Andrew Osborne
- Born: Andrew Osborne 16 August 2003 (age 22) Naas, County Kildare, Ireland
- Height: 1.88 m (6 ft 2 in)
- Weight: 93 kg (14.6 st; 205 lb)
- School: Naas CBS
- Notable relative: Jamie Osborne (brother)

Rugby union career
- Position(s): Wing, Fullback

Senior career
- Years: Team / Apps / (Points)
- 2024–: Leinster / 13 / (30)

International career
- Years: Team / Apps / (Points)
- 2022–2023: Ireland U20 / 7 / (10)
- 2024–: Emerging Ireland / Ireland A

= Andrew Osborne (rugby union, born 2003) =

Irish rugby union player

Andrew Osborne (born 16 August 2003) is an Irish rugby union player who plays on the wing and at fullback. He is contracted to Leinster Rugby and has represented Ireland U20 as well as Emerging Ireland and Ireland A.

== Early life ==
Osborne grew up in Naas, County Kildare, and began playing rugby with Naas RFC minis. He attended Naas C.B.S. His older brother, Jamie Osborne, also plays for Leinster and Ireland.

== Professional career ==

=== Leinster ===
Osborne was named in the Leinster side to face Zebre Parma on 30 March 2024, lining up alongside his brother Jamie in the back three. He scored a try on his senior debut in a 31–7 victory.

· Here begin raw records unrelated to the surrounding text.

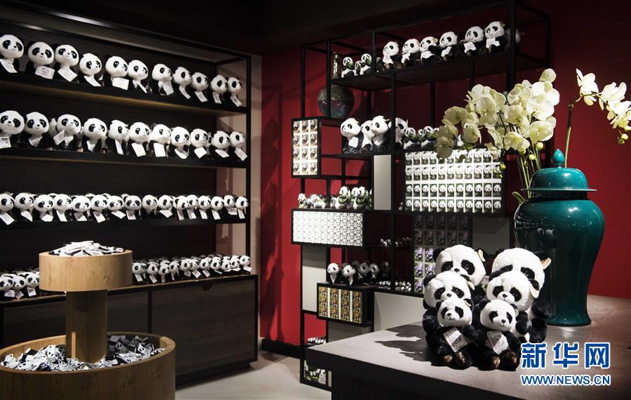 这是4月6日在荷兰雷嫩市欧维汉兹动物园熊猫馆附属商店拍摄的熊猫纪念品。新华社/欧新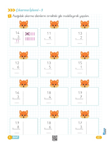 1 Aşağıdaki çıkarma işlemlerini örnekteki gibi modelleyerek yapalım.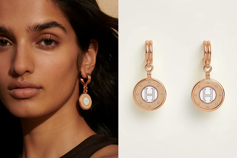 Hermes 的魅力不用多解釋,品牌的手袋門檻相對較高,不妨以耳環作為首次入手 Hermes 的單品。這款垂墜耳環,以「Blason」印花琺瑯為設計,飾有代表品牌的「H」,加上份量不少,為造型增添焦點。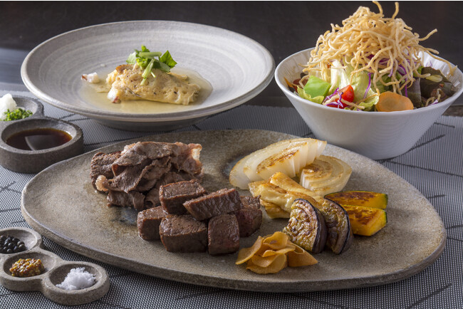 明石産の蛸と焼き穴子を玉子生地で包み焼きした“明石焼き”風の前菜、パリパリに揚げた味付きビーフンをトッピングした旬野菜のサラダなど、兵庫ゆかりのアレンジの利いた品々が集うランチコース。メインは、繁殖から肥育まで一貫して手掛ける「盛本牧場」の神戸ビーフのステーキとソテーが登場。最高品質の馥郁たる香りと旨みをじっくりとご堪能ください。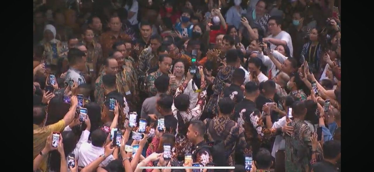 Kedatangan Jokowi pun didampingi sejumlah menterinya dan beberapa pejabat Pemerintah Daerah, di antaranya adalah Menteri Perdagangan (Mendag) Zulkifili Hasan, Menteri Kominfo Budi Arie Setiadi, Menteri Agama Yaqut Cholil Qoumas, Menpan Abdullah Azwar Anas, Menparekraf Sandiaga Uno. Menariknya, ada dua menteri yang merupakan saingan Pilpres 2024 yakni Menteri Pertahanan Prabowo Subianto dan Menkopolhukam Mahfud MD.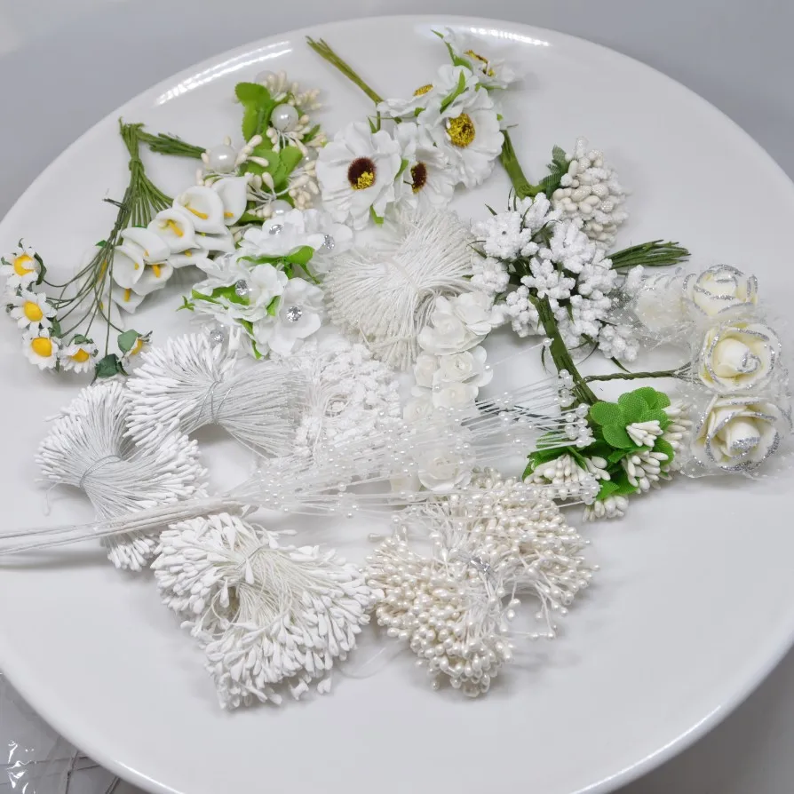 Белый гибридный цветок вишня стемен ягоды Набор DIY торт Рождество Свадьба Gifs коробка венки украшения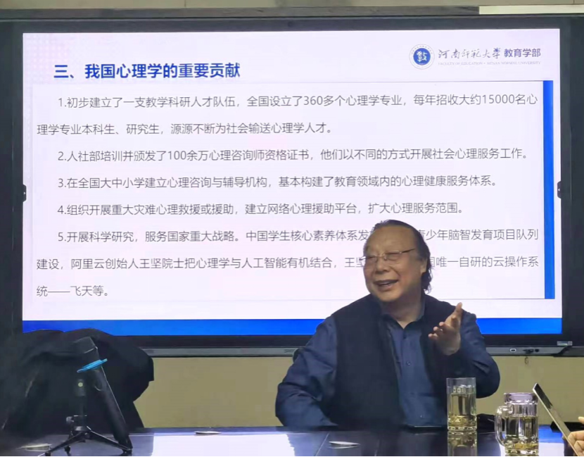 赵国祥教授首先从国家对心理学的重视程度说起,提到加强学生心理健康工作已上升为一项国家战略,摆在了更加突出、更加重要的位置。其次,赵教授从社会需要层面阐述了心理健康工作的急迫性和紧要性,并提到党政部门已开始高度关注干部的心理健康。最后,赵教授对我国心理学的重要贡献与未来发展进行了详细的介绍,提到心理学的未来发展要植根中华文化、深化国际合作、积极响应国家发展战略、加强心理学工作者自身能力建设等内容,并寄语在座学子要勇担重任、发奋学习。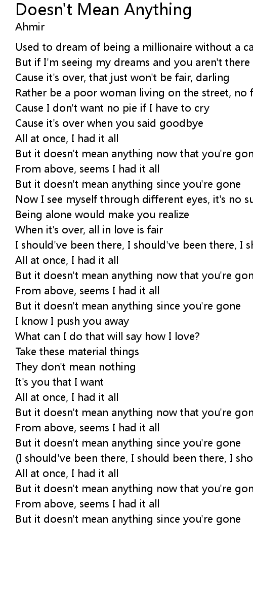 But it doesn't mean anything now that you're gone |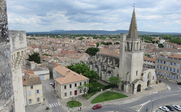 View of the town and of Collegiale Royale Sainte-Marthe from the Castle with the Alpilles in the background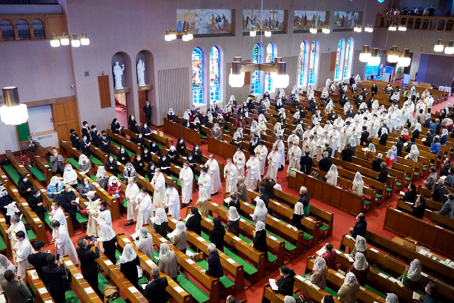 中村倫明大司教はミサの終わりに、ウクライナの人々のためにこれまでいくつかのグループが祈りの集いをもっていること、これからも予定されていることについて触れ、今後も平和を願い、続けて祈っていきましょうと呼び掛けた。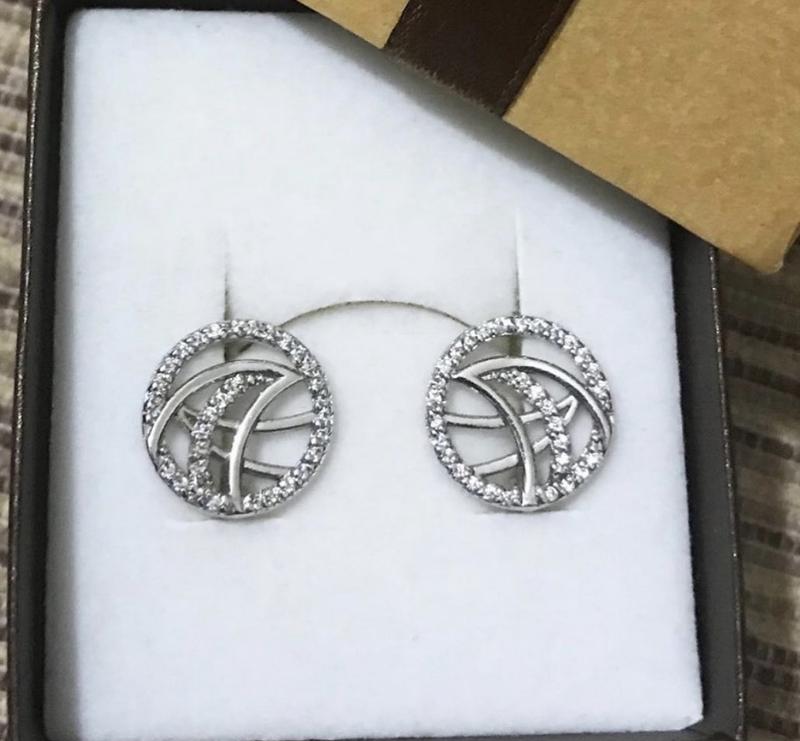 Срібні сережки з цирконієм. Англійський замок. Ніжна модель Сережок підійде для щоденної шкарпетки з будь-яким нарядом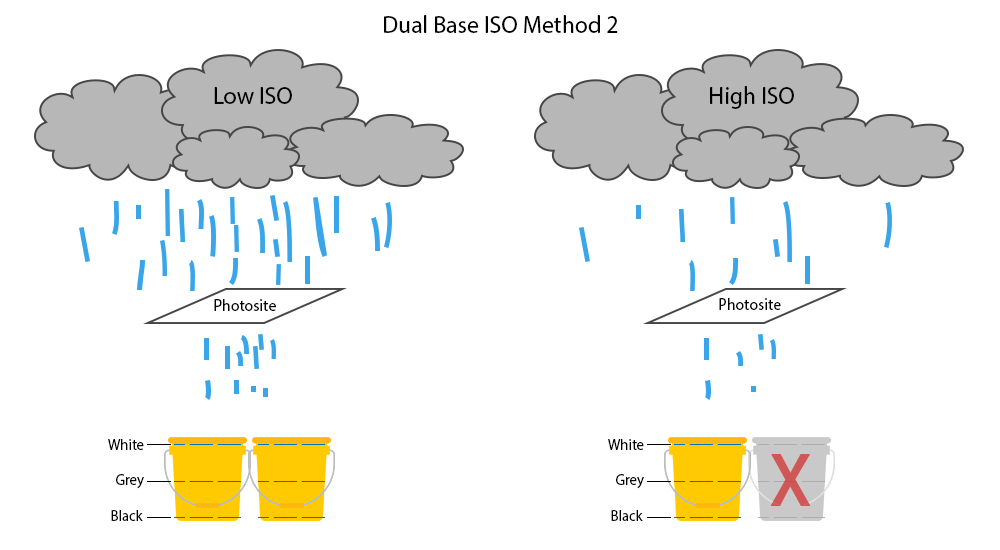 In a dual native system there is a second circuit, or bucket, for each photosite. To get the second base ISO, the camera does one of a couple of things, depending on which manufacturer the camera is from. I have heard it explained that in some camera systems the sensor swaps from one capacitor to another of a different size.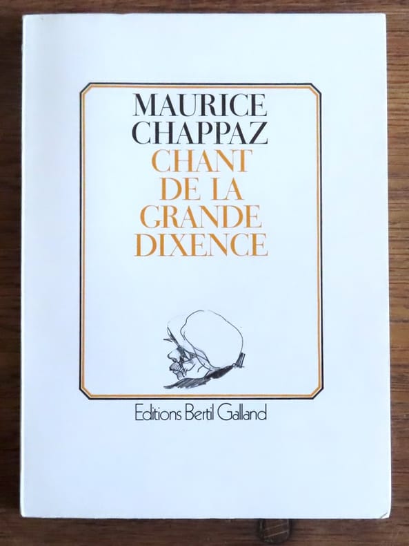 Payot, Lausanne 1967. Poème de Maurice Chappaz, dessin d'Albert Chavaz et 10 photographies d'Oswald Ruppen. Ce tirage de luxe du "Chant de la Grande Dixence", de Maurice Chappaz, sixième volume de la Collection poétique d'écrivains romands publiée par les Editions Payot Lausanne, a été achevé d'imprimer en décembre 1967. Il comprend 110 exemplaires nominatifs hors-commerce et quatre-vingts exemplaires numérotés de 1 à 80.
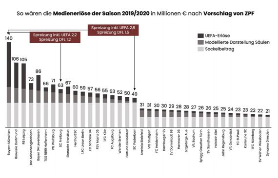 Die Verteilung der Medienerlöse für die letzte Saison nach dem Modell-Vorschlag von Zukunft Profifußball.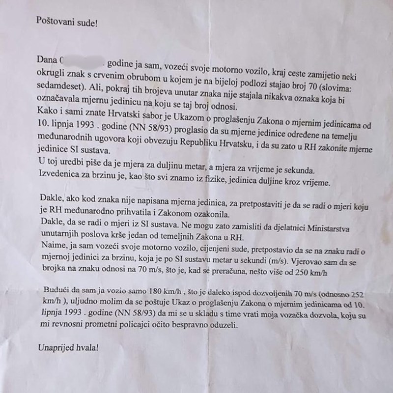 Tip je uhvaćen kako motorom juri 180 km/h, morate vidjeti suludu pritužbu koju je poslao sudu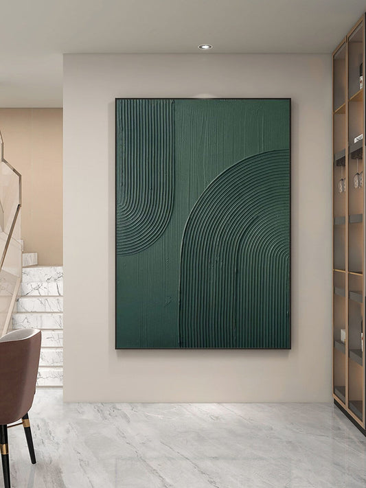 Textured Abstract Oil Painting in Rich Emerald Green for Modern Home Décor

As of mid‑2025, Osborne had scored five tries for Leinster and was nominated for Try of the Year for a solo effort against Connacht. He was promoted to Leinster's senior squad ahead of the 2025–26 season.

=== Ireland ===
Osborne represented the Ireland U20s during their 2022 Grand Slam campaign, scoring a try against Scotland at Scotstoun. In 2024, he toured South Africa with Emerging Ireland, starting at fullback in matches against the Cheetahs and Western Force.

== Personal life ==
Osborne comes from a rugby family. His parents Joe and Fiona, and brothers Jack, Adam, Will, and Jamie are all involved with Naas RFC. His father coached him at underage level.